John Forté, the rapper and producer who emerged as a key contributor to the mid 1990s New York hip-hop scene and close collaborator of Fugees, was found dead at his home in Chilmark, Massachusetts, on Monday (January 12), The Associated Press reports. There was no sign of foul play or a “readily apparent cause of death,” Sean Slavin, the Chilmark police chief, said in a statement, adding that the state medical examiner’s office would investigate.
Forté was born in Brownsville, Brooklyn, in 1975, and studied classical violin as a child, eventually becoming first violin in a youth orchestra. As much enamored with jazz, soul, and Vivaldi as he was with hip-hop, he nonetheless found his way into rap circles. Chancing into a spot in the studio where Gang Starr were recording second album Step in the Arena, he learned beatmaking by watching DJ Premier and began experimenting with rap as a way of “superhero-forming,” as he told GQ’s Marcus J. Moore in 2020.
After graduating from Phillips Exeter Academy in New Hampshire on a violin scholarship, Forté returned to New York to attend NYU as a music business major. He mingled with fellow New York musicians including Talib Kweli, his then-roommate and future collaborator, eventually dropping out of college to work in A&R at nascent rap label Rawkus. He introduced Kweli to the label, where he joined the likes of Mos Def and Pharoahe Monch; Kweli would later return the favor, releasing Forté’s 2020 album, Riddem Drive, on his Javotti label.
Forté befriended Lauryn Hill through his connections at Rawkus. The pair bonded over music, and Forté, then a relative unknown juggling music with his industry day job, got his commercial breakthrough when Hill and Pras invited the 21-year-old to appear on Fugees’ classic second album, The Score. Forté contributed vocals and production to “Family Business” and “Cowboys,” as well as joining the remix of lead single “Fu-Gee-La” that appeared on its B-side. A year later, having picked up a Grammy nomination for his work on The Score, he was one of many Fugees associates—collectively known as the Refugee Camp All-Stars—to appear on Wyclef Jean’s 1997 solo debut, The Carnival, guesting on two songs including lead single “We Trying to Stay Alive.”

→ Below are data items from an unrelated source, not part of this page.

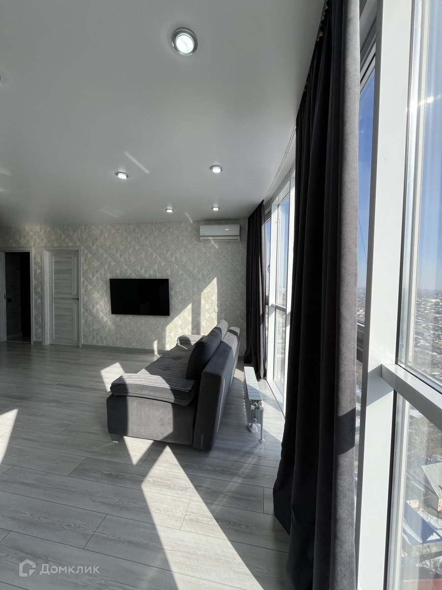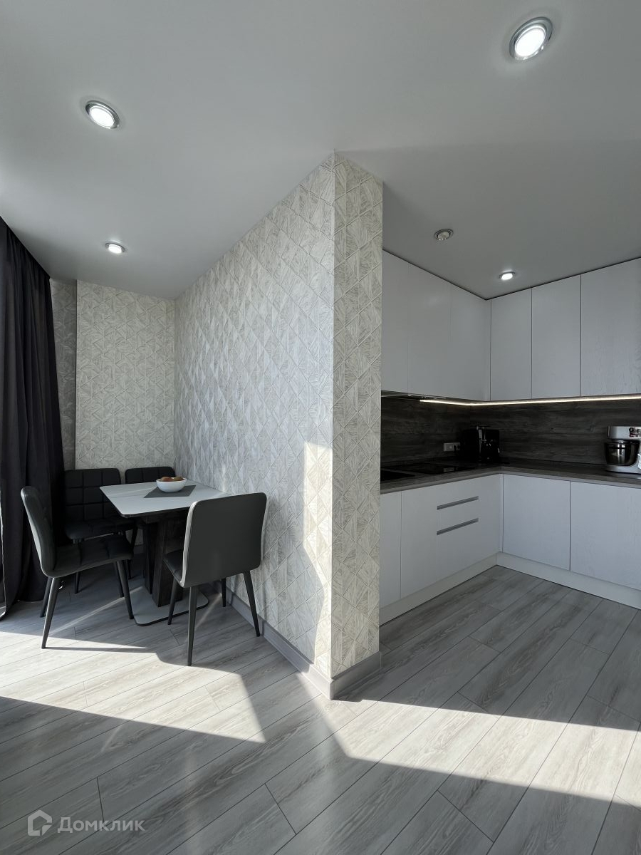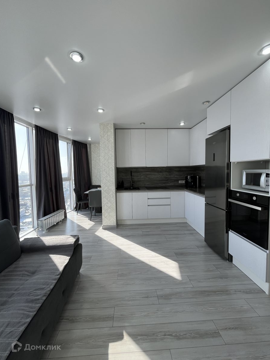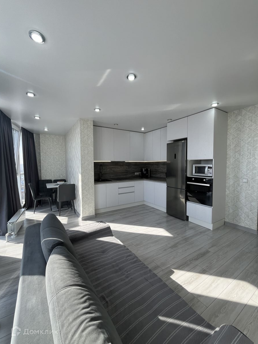 Площадь квартиры составляет 52.02 кв.м., из которых 20 кв.м. отведены под кухню - гостиную с панорамными окнами с видом на город.
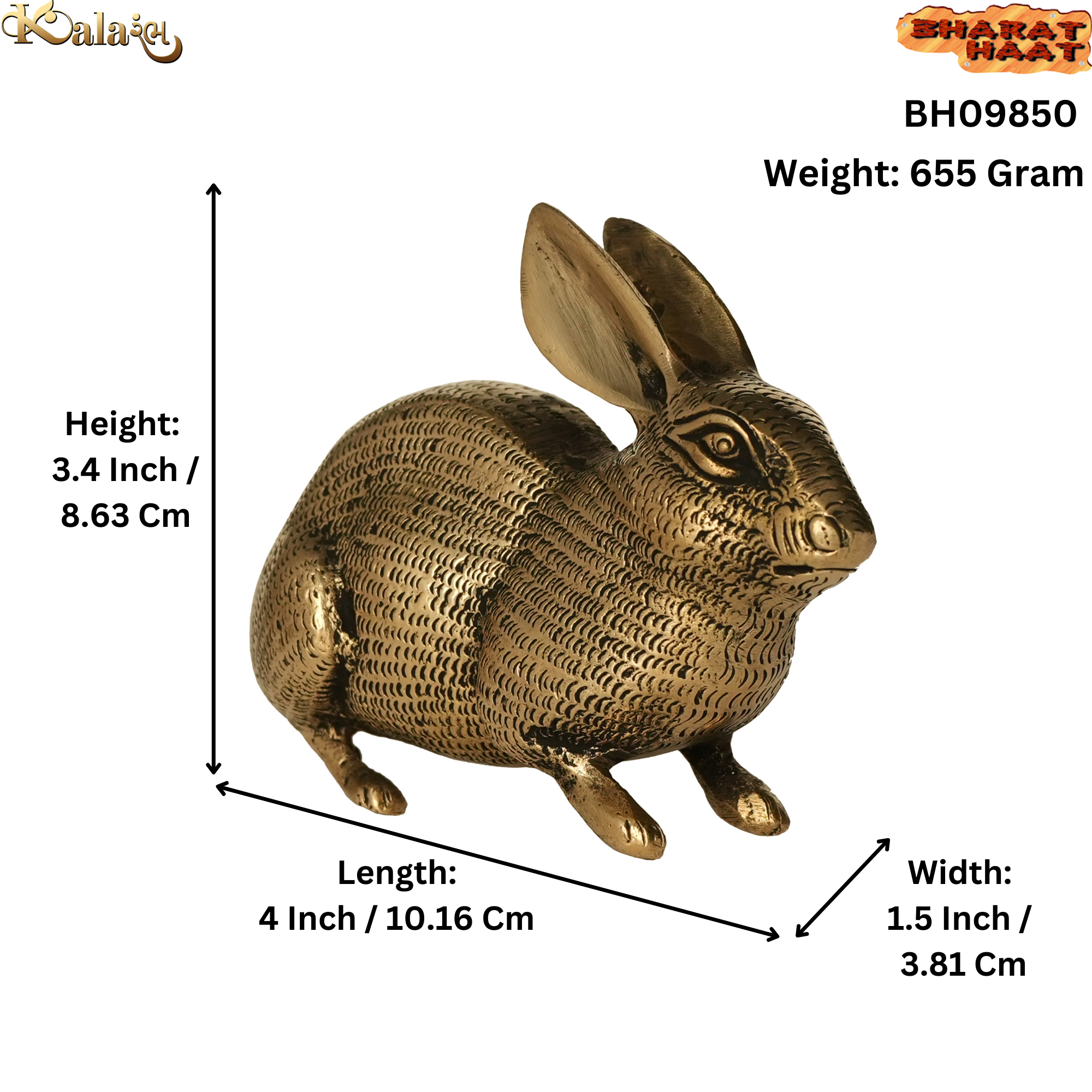Design: Beautifully crafted brass rabbit figurine showcasing lifelike details and fine artistry
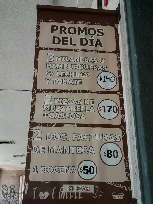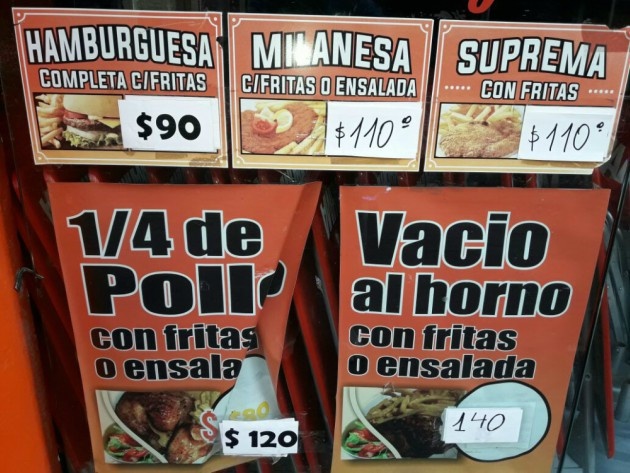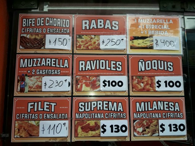 Así, se puede llevar un pollo con papas fritas por $100, fideos con frutos de mar a $140, promociones de dos choripanes con papas fritas a $100, dos milanesas a la napolitana con fritas a $200 o una pizza con media docena de empanadas a $220.
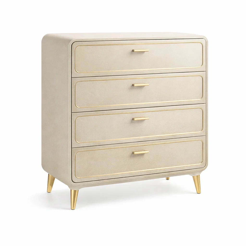 Matériau : Panneaux MDF avec finitions en cuir synthétique et poignées en métal doré
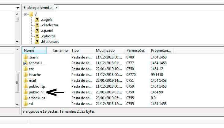 Estas informações confirmam que você está conectado ao seu servidor. Em seguida, depois que for feita a conexão, você terá acesso a diversos arquivos no servidor que estarão ao lado direito.
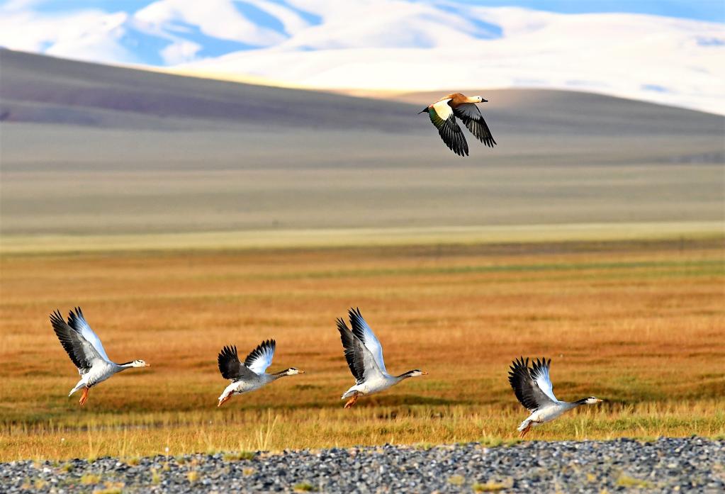 一只赤麻鴨(上)和一群斑頭雁在保護(hù)區(qū)尼瑪縣那若塘濕地上飛翔。新華社記者張汝鋒 攝
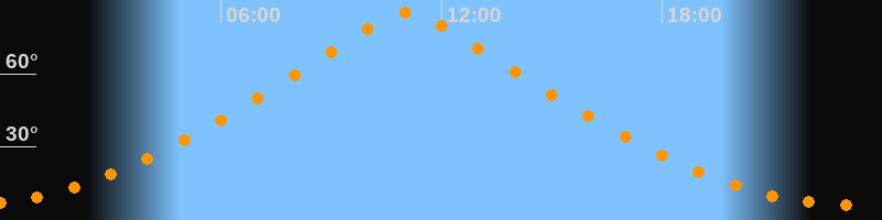 | Höchster Stand (Kulmination) | 11:04 Uhr (h = 85°) |
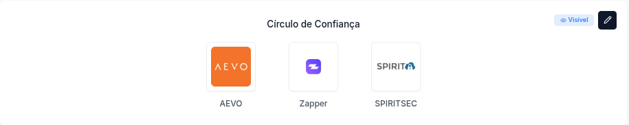 - No bloco "Círculo de Confiança", adicione logotipos de parceiros estratégicos, clientes renomados ou fornecedores de segurança. Esta seção é fundamental para estabelecer credibilidade de mercado através da associação de marca.
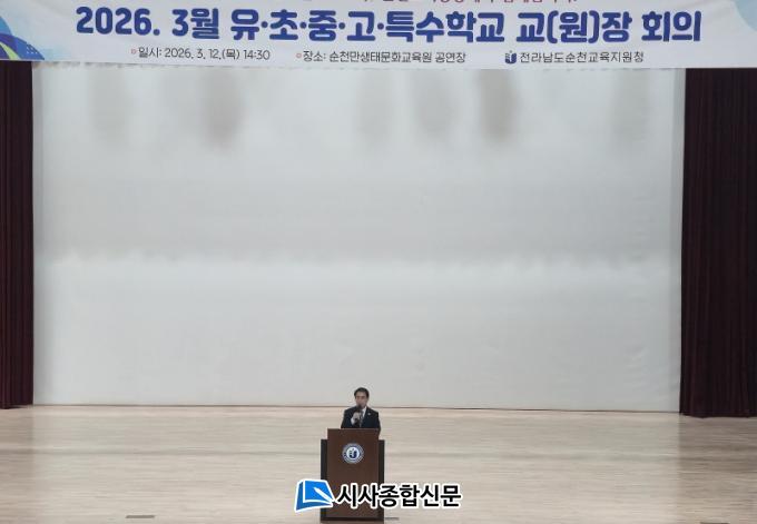 [½Ã»çÁ¾ÇսŹ® = ¿À½ÂÅà ±âÀÚ] ¼øÃµ±³À°Áö¿øÃ»(±³À°Àå ±è½Å±Ô)Àº 3¿ù 12ÀÏ(¸ñ) ¼øÃµ¸¸»ýŹ®È­±³À°¿ø °ø¿¬Àå¿¡¼­ °ü³» À¯․ÃÊ․Áß․°í․Ư¼öÇб³ ±³(¿ø)Àå 82¸íÀ» ´ë»óÀ¸·Î 2026Çг⵵ 3¿ù ±³(¿ø)Àå ȸÀǸ¦ °³ÃÖÇß´Ù.
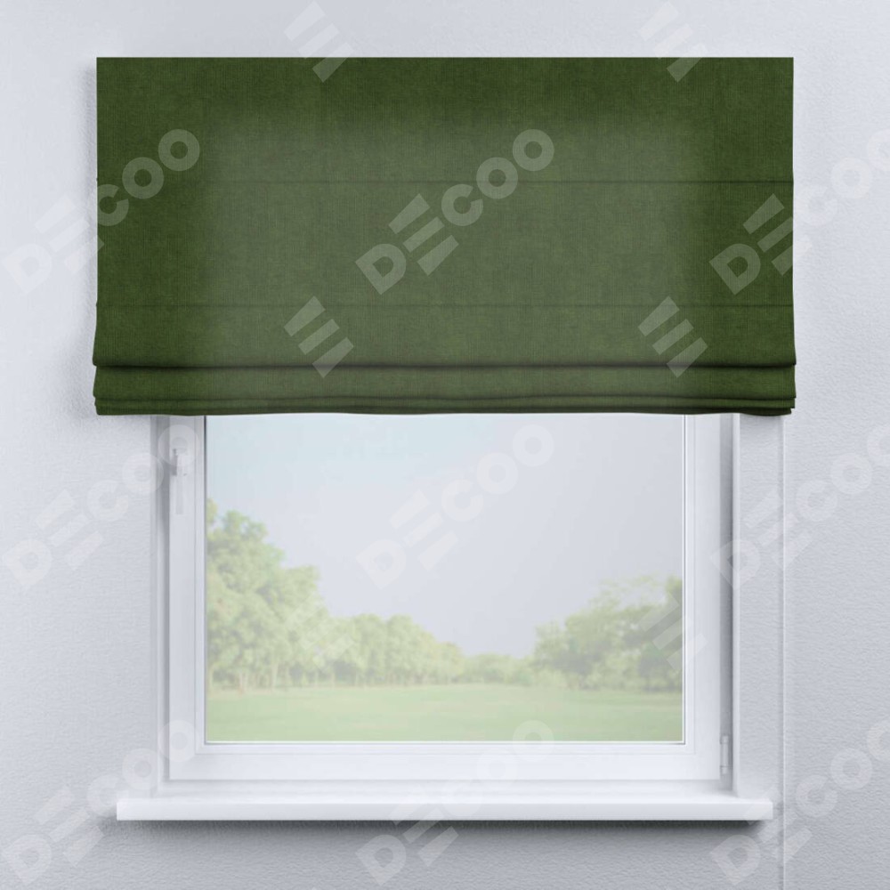 Римская штора производителя «Cortin», используется для проёма, пошита из ткани вельвет тёмно-салатовый, артикул ткани 33805. Имеет универсальный механизм и подходит для монтажа: на потолок, на стену и в нишу.
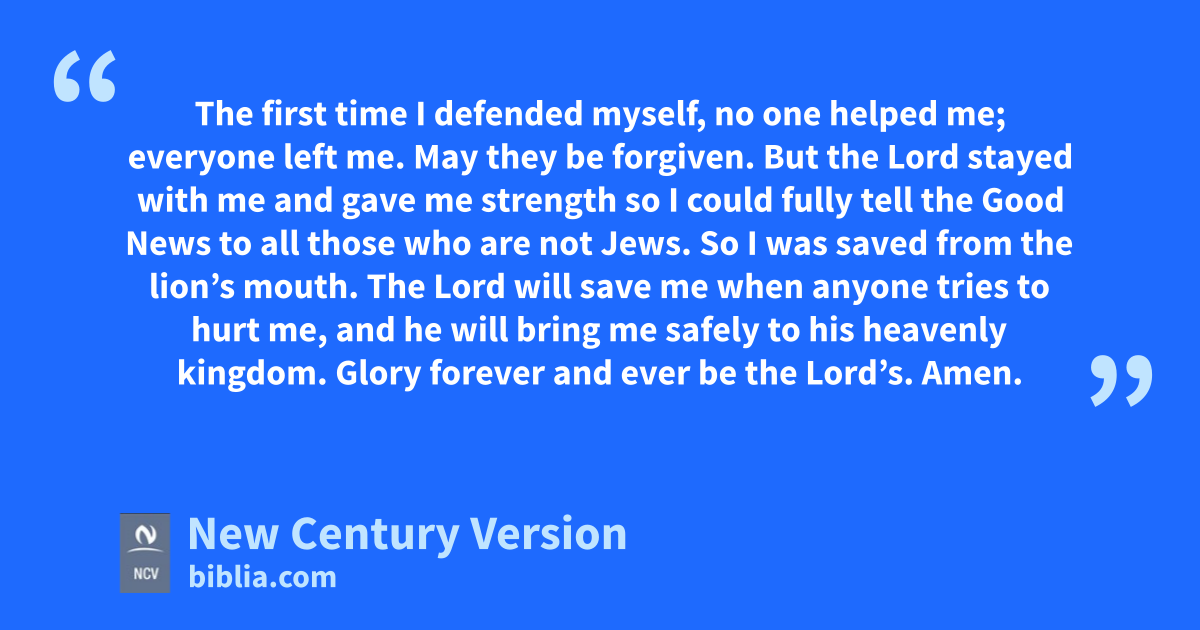 16 The first time I defended myself, no one helped me; everyone left me. May they be forgiven. 17 But the Lord stayed with me and gave me strength so I could fully tell the Good News to all those who are not Jews. So I was saved from the lion’s mouth. 18 The Lord will save me when anyone tries to hurt me, and he will bring me safely to his heavenly kingdom. Glory forever and ever be the Lord’s. Amen.
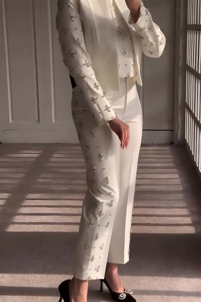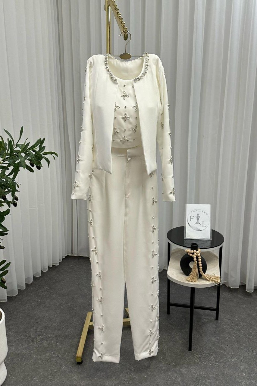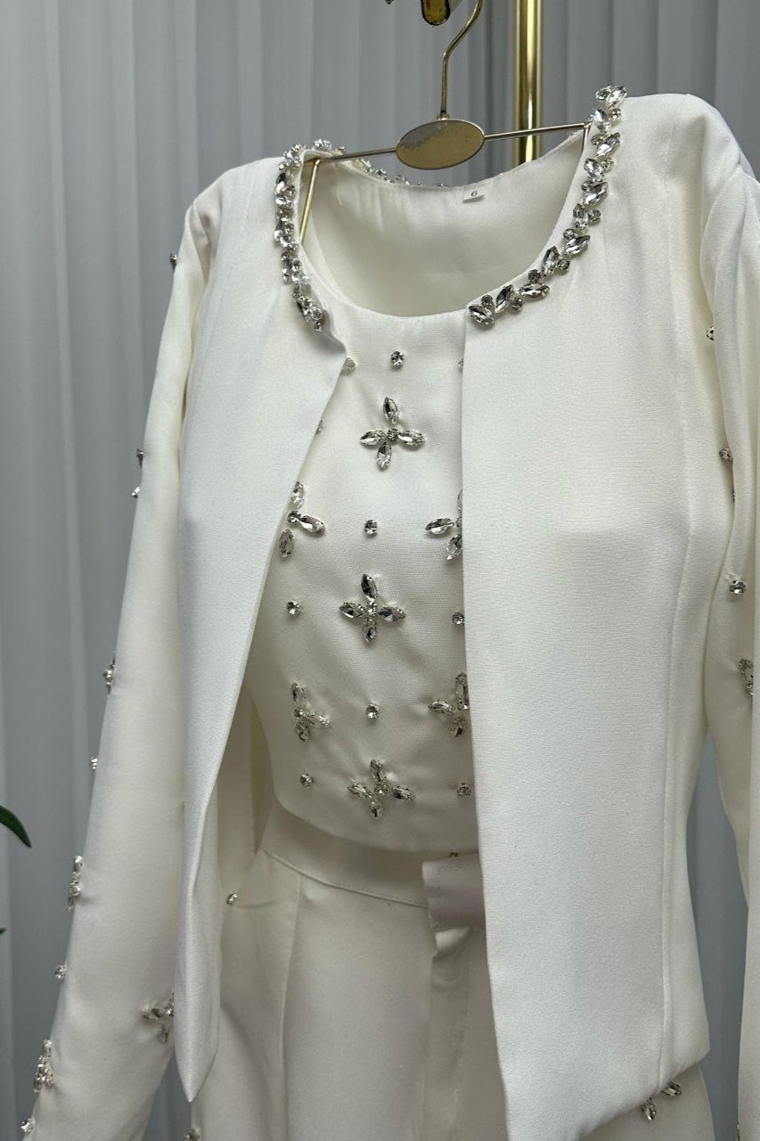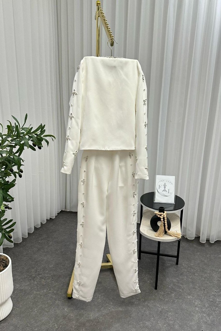 استمتعي بأناقة استثنائية مع هذا الجمبسوت الأبيض الفخم، المصمم بتفاصيل تطريز براقة على الأكمام والسروال ليمنحك لمسة راقية

In another instance of the community and camaraderie that characterized his life and career, Forté had Jean produce his own debut album, Poly Sci, in 1998. Its commercial failure rattled him, however, and Forté fell into a depression. “The opportunity presented itself for me to involve myself in a criminal enterprise,” he told GQ, “particularly as a middle man between [an associate] and encouragers, carriers who would carry anything that needed carrying.” In 2000, he was arrested at Newark International Airport and charged with possession of liquid cocaine and drug trafficking. He received a 14-year prison sentence.
His release was thanks in no small part to Carly Simon. At the invitation of her son Ben Taylor, Forté had visited their Martha’s Vineyard home one weekend and ended up staying all summer, getting together with Simon daily for mutual songwriting workshops. When Forté was arrested in 2000 and given one phone call, he dialed Simon’s number. In addition to putting up $250,000 towards his bond, Simon “buttonholed old political friends, sought out new ones,” and sold “Free Forte” merchandise to benefit his legal fund after his incarceration, as The Times reported in a 2005 profile. (At the time, Forté blamed himself: “I don’t think I got smart until I got here,” he told The Times from prison.) Led by Simon, a coalition formed to campaign for Forté’s release. Two years later, George W. Bush commuted his sentence; he was released almost seven years early.
Forté came back to music, sometimes performing with just an acoustic guitar—the instrument he learned to play in prison. He had released a second solo album, I. John, in 2002 while awaiting his sentencing, and returned with the EP Stylefree—including his first collaboration with Ben Taylor—in 2009 and the album Water Light Sound two years later. He wrote “Something to Lean On” as the inaugural theme for the Brooklyn Nets in 2012, and kept his collaborative spirit alive with a string of duets and co-writes, including a 2018 track with fellow Martha’s Vineyard resident and flamenco artist Peter More.
His 2020 album, Riddem Drive, featured another song with both Taylor and Kweli, “Being Is Believing.” In 2021, he released the final studio album of his lifetime, Vessels, Angels & Ancestors—a response to the killings of George Floyd, Breonna Taylor, and Ahmaud Arbery. The album, he told GQ, was “a testament of mindful, loving awareness. How you can see the atrocity and still believe that we are stardust, that we are divine…. That’s what I’m wrapping up in my art right now. I’m trying to do that in the most loving, collaborative, open way possible, because it feels better.”
Forté went on to score and soundtrack the documentary Kerouac’s Road: The Beat of a Nation, which premiered last year at Tribeca. He is survived by his wife—the photographer Lara Fuller—and their two children.